Your goal - Among the lines below, output only those between the line holding "Chinee utilizza materiale" and the line holding "Junior de Barranquillas, el", inclusive, exactly as written and with no pictures.

Data for the task -
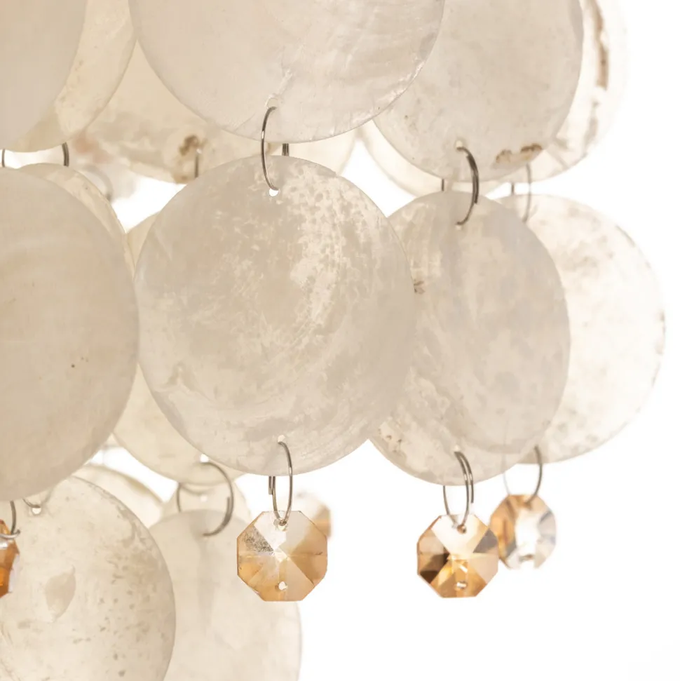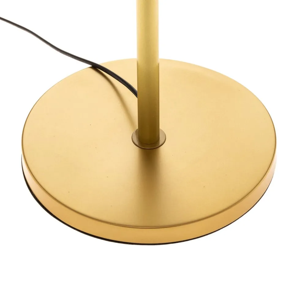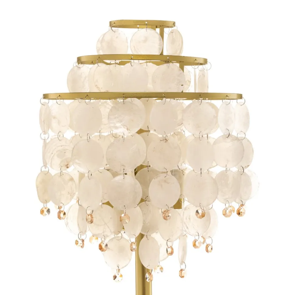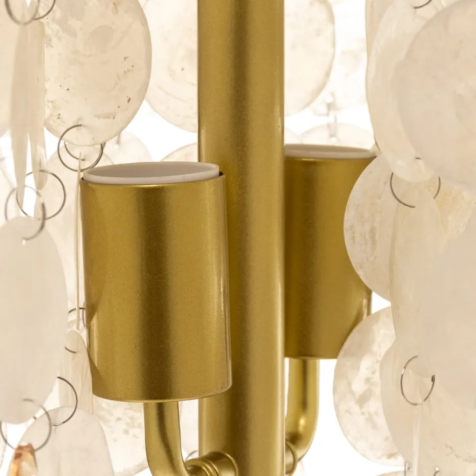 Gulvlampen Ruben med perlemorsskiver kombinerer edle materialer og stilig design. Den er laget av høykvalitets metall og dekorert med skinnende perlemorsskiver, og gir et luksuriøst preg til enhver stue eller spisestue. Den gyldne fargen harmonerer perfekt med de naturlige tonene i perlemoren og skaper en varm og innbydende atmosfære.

==

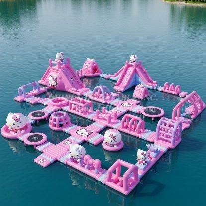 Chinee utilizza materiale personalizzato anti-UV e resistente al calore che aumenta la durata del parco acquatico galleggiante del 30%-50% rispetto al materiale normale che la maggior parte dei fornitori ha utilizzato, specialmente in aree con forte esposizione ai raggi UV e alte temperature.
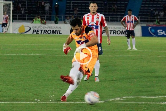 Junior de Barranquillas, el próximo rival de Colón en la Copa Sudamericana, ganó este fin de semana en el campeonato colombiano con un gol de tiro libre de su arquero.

--

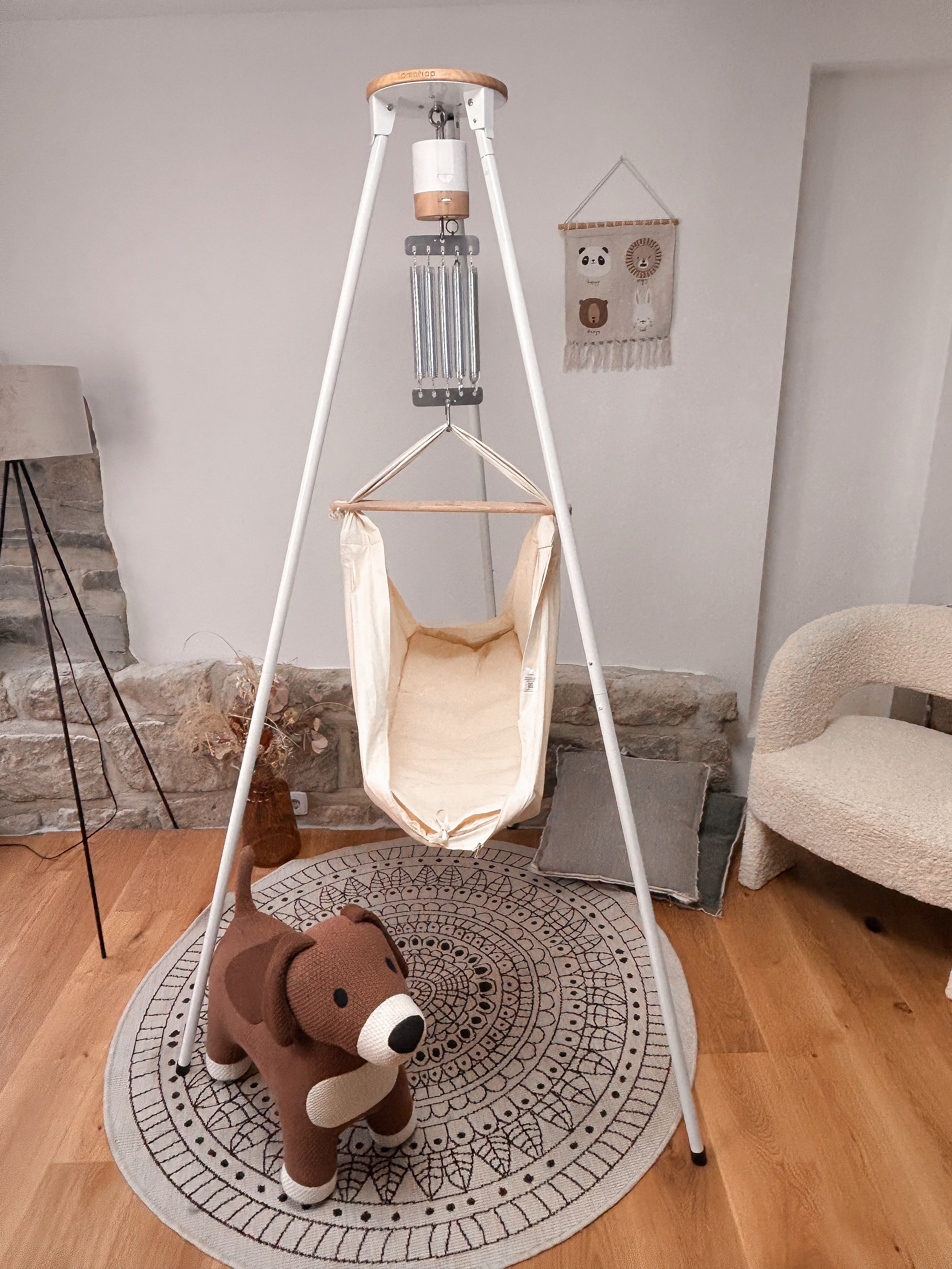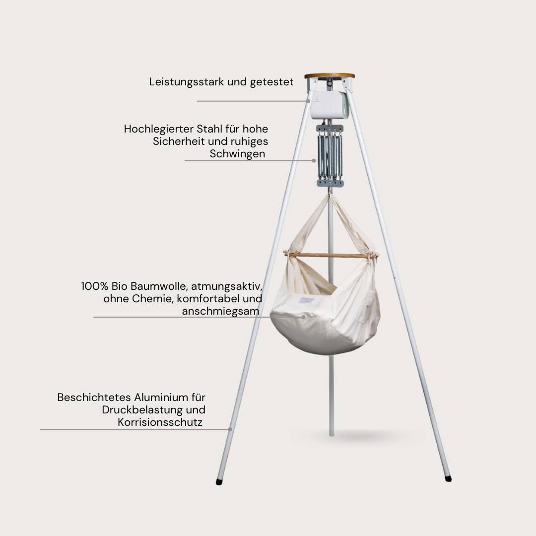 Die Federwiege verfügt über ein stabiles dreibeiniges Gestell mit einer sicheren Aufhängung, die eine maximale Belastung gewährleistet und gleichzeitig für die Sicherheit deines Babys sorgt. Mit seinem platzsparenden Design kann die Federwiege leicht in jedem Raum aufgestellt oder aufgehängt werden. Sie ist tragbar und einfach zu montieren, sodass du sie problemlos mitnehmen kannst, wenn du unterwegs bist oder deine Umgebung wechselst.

Solution to this exercise -
 Chinee utilizza materiale personalizzato anti-UV e resistente al calore che aumenta la durata del parco acquatico galleggiante del 30%-50% rispetto al materiale normale che la maggior parte dei fornitori ha utilizzato, specialmente in aree con forte esposizione ai raggi UV e alte temperature.
 Junior de Barranquillas, el próximo rival de Colón en la Copa Sudamericana, ganó este fin de semana en el campeonato colombiano con un gol de tiro libre de su arquero.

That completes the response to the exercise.